The conversion rate and the like are calculated as follows:
the results obtained are shown in Table 6, and the test results of example 13 are shown in Table 7.
TABLE 6
/>
TABLE 7
As can be seen from the results in Table 6, in examples 1-26, the deacidified Fischer-Tropsch olefins had higher feed conversion and higher product aldehyde selectivity than the non-deacidified Fischer-Tropsch olefins, indicating that the deacidified Fischer-Tropsch olefins were better in catalyst activity. As can be seen from the results of examples 6 to 17, the hydroformylation reaction was carried out with triphenylphosphine as ligand and for Fischer-Tropsch C 5 -C 7 Deacidifying the olefin to obtain C 5 -C 7 The conversion of olefins was not less than 89wt%, the selectivity of product aldehyde was not less than 93.7wt%, the normal-to-iso ratio of product aldehyde was not more than 3.3, fischer-Tropsch C of example 17 5 -C 11 The conversion rate of the mixed olefin is only 72.7%, which shows that the ligand triphenylphosphine is suitable for the hydroformylation of Fischer-Tropsch olefins with shorter carbon chains and low requirement on the normal-to-iso ratio of aldehyde. As can be seen from the results of examples 22-25, the preferred ligand 4, 5-bis (diphenylphosphine) -9, 9-dimethylxanthene is suitable for hydroformylation of Fischer-Tropsch olefins with longer carbon chains, the conversion rate is greater than or equal to 94.8%, the selectivity is greater than or equal to 94.4%, the normal-to-iso ratio is greater than or equal to 28.2, the phosphine ligand of example 26 is triphenylphosphine sodium trimetaphosphate, the conversion rate, the selectivity and the normal-to-iso ratio of the obtained product are poor, and the effect of using triphenylphosphine and 4, 5-bis (diphenylphosphine) -9, 9-dimethylxanthene ligand is better than that of triphenylphosphine sodium trimetaphosphate.
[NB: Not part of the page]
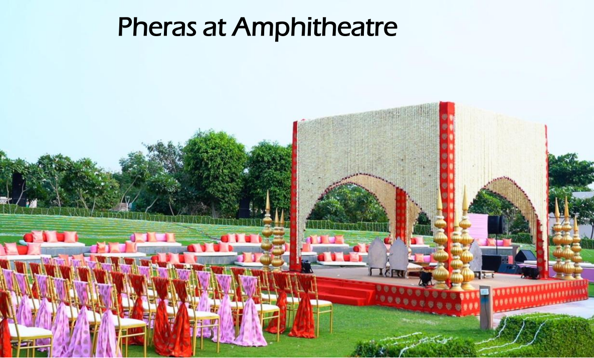
Pheras at Amphitheatre

The cyclic test of example 13 shows that after 7 reactions, the conversion rate of the raw materials is reduced, because the catalyst is easy to deactivate at high temperature and is easy to oxidize, and the catalyst is deactivated during reduced pressure distillation, but the selectivity and the positive-to-negative ratio of the product aldehyde are not changed greatly, which means that rhodium loss is very little, and the production cost is saved.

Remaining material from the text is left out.